Research / AI safety:

Rationality / effectiveness:

  • Attended the CFAR mentoring workshop in Prague, and started running rationality training sessions with Janos at our group house.
  • Started using work cycles – focused work blocks (e.g. pomodoros) with built-in reflection prompts. I think this has increased my productivity and focus to some degree. The prompt “how will I get started?” has been surprisingly helpful given its simplicity.
  • Stopped eating processed sugar for health reasons at the end of 2017 and have been avoiding it ever since.
    • This has been surprisingly easy, especially compared to my earlier attempts to eat less sugar.

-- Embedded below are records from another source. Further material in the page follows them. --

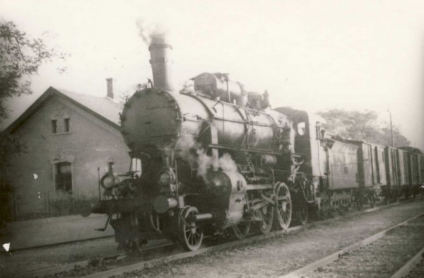 Egy századfordulós kép az állomásról előtérben egy gőzmozdonnyal. A kép alapján az eredeti épület a beledire hasonlít. Forrás:
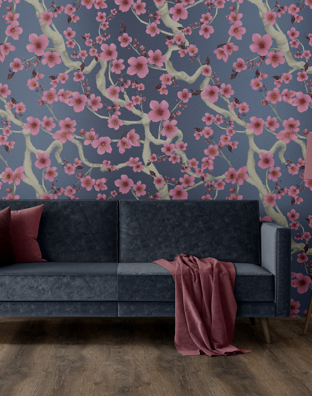 Cherry Blossom Floraison, Pink on Smokey Blue
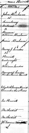 Marriage of a child | John ABRAHAM — Mary Jane SAUNDERS — View this family December 12, 1882 (Age 48 years) Shared note: The record clearly states that she is the daughter of William Saunders and she was born in Cartwright (Durham) Ontario.
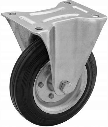 Koło stałe na płytce 200 mm | stalowo-gumowe | 230 kg | łożysko wałeczkowe Wytrzymałe koło stałe FI 200 mm to solidne rozwiązanie do różnorodnych zastosowań przemysłowych, magazynowych i warsztatowych. Wykonane z tłoczonej, ocynkowanej blachy stalowej oraz wyposażone w oponę z pełnej, czarnej gumy …
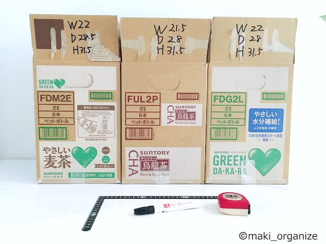 ペットボトルの段ボールのフルサイズと、半分に切ったサイズをリメイクしてみました。写真上のように、カラーボックスにぴったりのサイズだとわかります。高さ調整もしやすいので、収納ボックスとして超優秀!
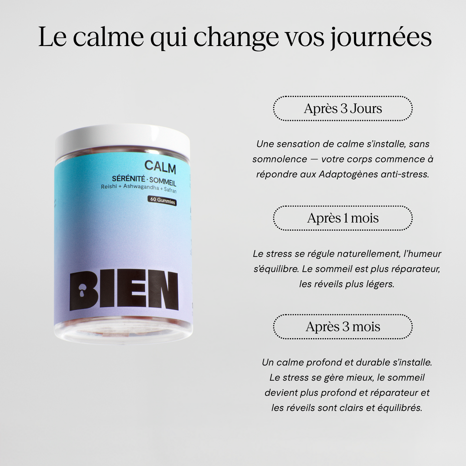 📆 Rituel quotidien, Résultats durables – Une utilisation réguliêre est essentielle pour des résultats optimaux. Intégrez CALM à votre routine pendant au moins 30 jours pour constater la différence.
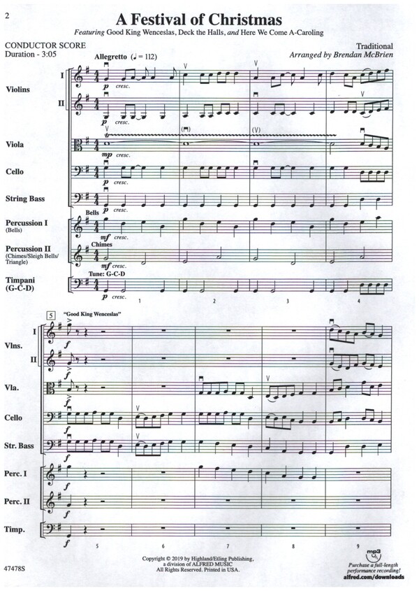 Highland/Etling String Orchestra McBrien, Brendan, arr. Featuring: Good King Wenceslas / Deck the Halls / Here We Come A-Caroling
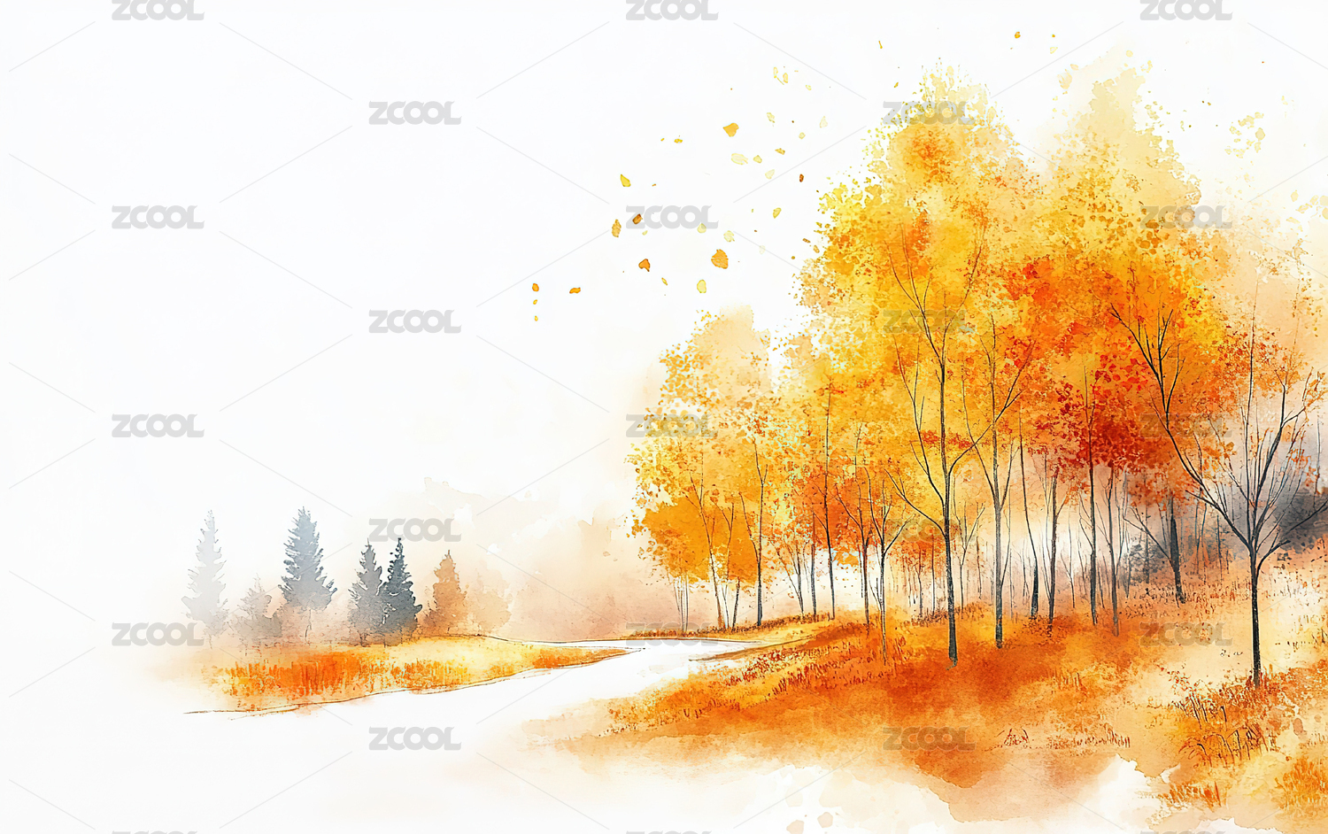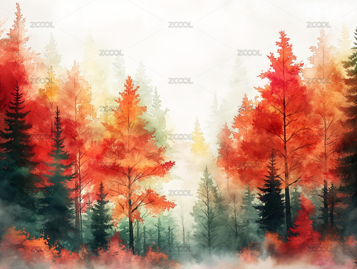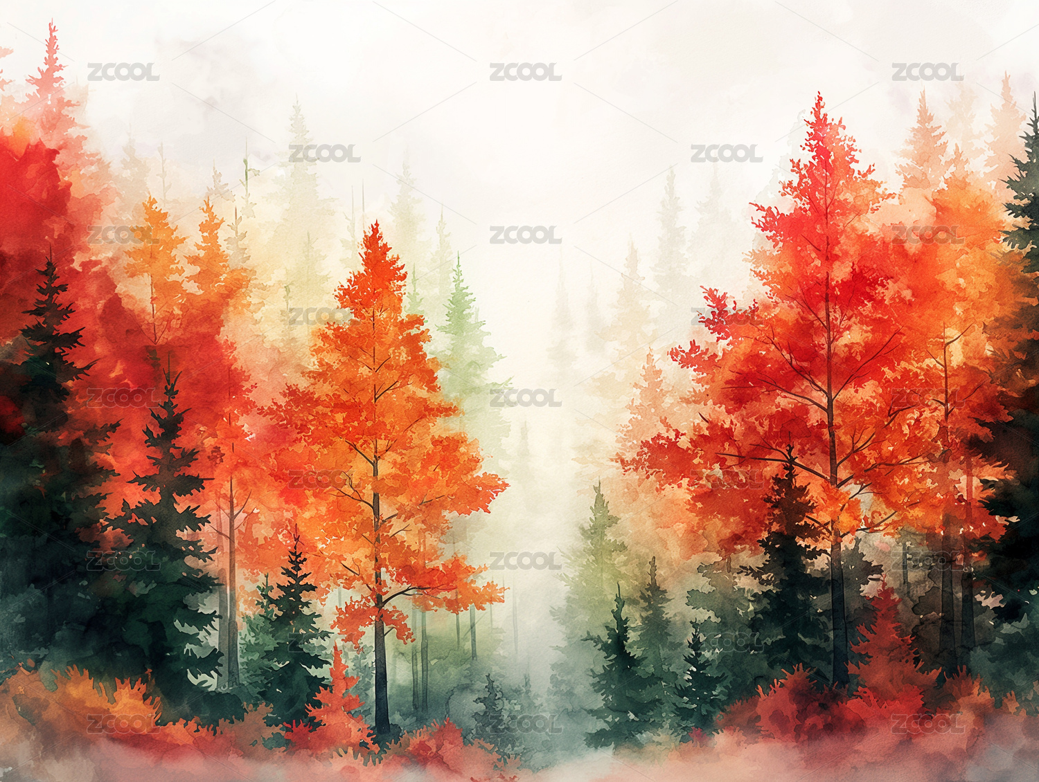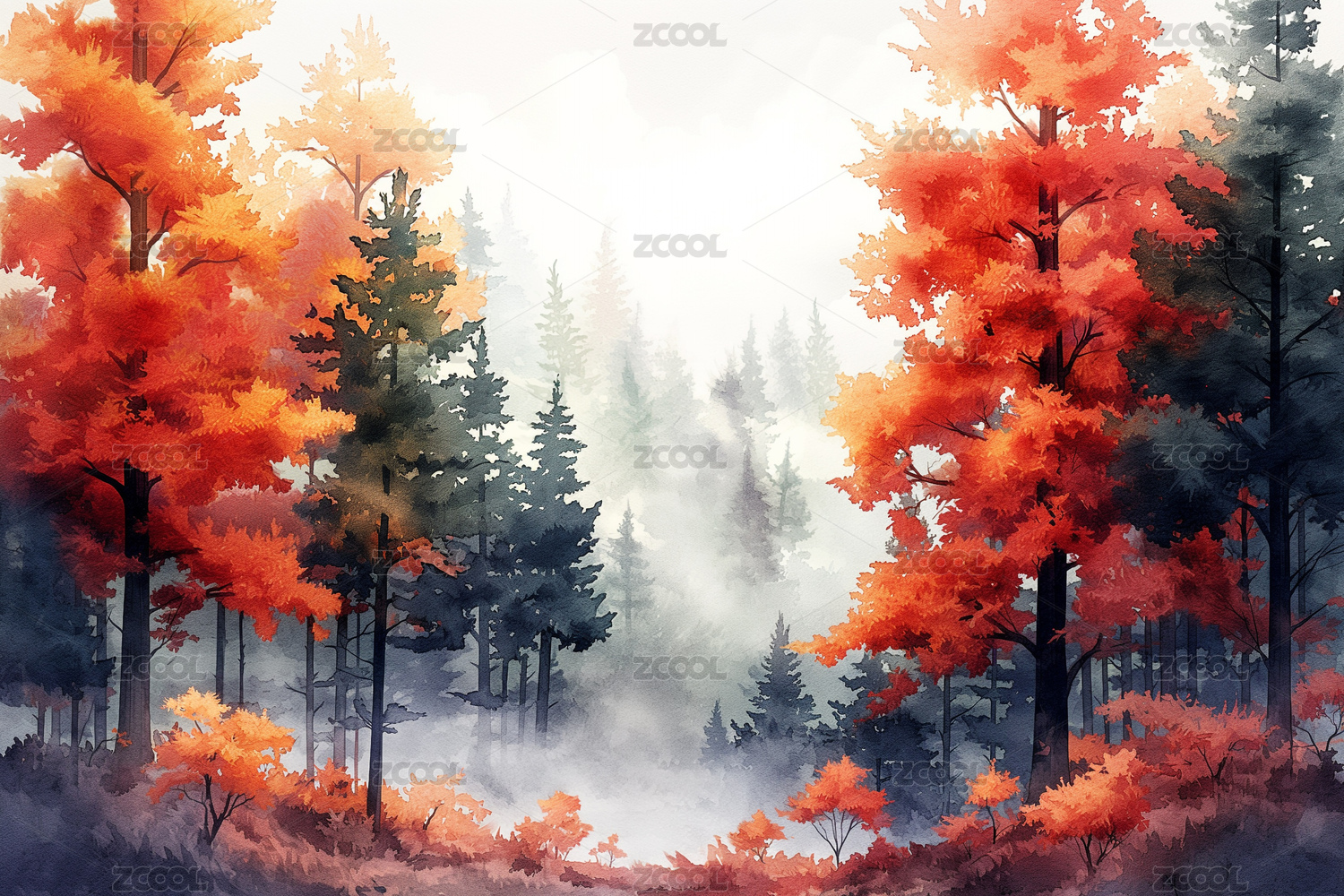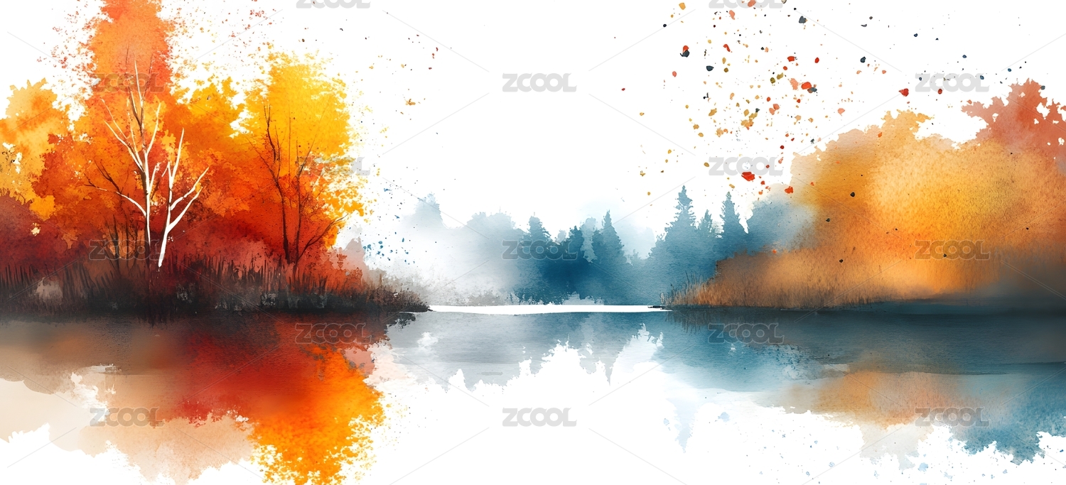 森林,湖泊,自然,风光,水彩画,树木,倒影,景观,色彩,斑斓

I think there are two factors behind this: avoiding sugar made everything taste sweeter (so many things that used to taste good now seem inedibly sweet), and the mindset shift from “this is a luxury that I shouldn’t indulge in” to “this is not food”.
    • Unfortunately, I can’t make any conclusions about the effects on my mood variables because of some issues with my data recording process :(.
  • Declining levels of insomnia (excluding jetlag):
    • 22% of nights in the first half of 2017, 16% in the second half of 2017, 16% in the first half of 2018, 10% in the second half of 2018.
    • This is probably an effect of the sleep CBT program I did in 2017, though avoiding sugar might be a factor as well.
  • Made some progress on reducing non-research commitments (talks, reviewing, organizing, etc).
    • Set up some systems for this: a spreadsheet to keep track of requests to do things (with 0-3 ratings for workload and 0-2 ratings for regret) and a form to fill out whenever I’m thinking of accepting a commitment.
    • My overall acceptance rate for commitments has gone down a bit from 29% in 2017 to 24% in 2018. The average regret per commitment went down from 0.66 in 2017 to 0.53 in 2018.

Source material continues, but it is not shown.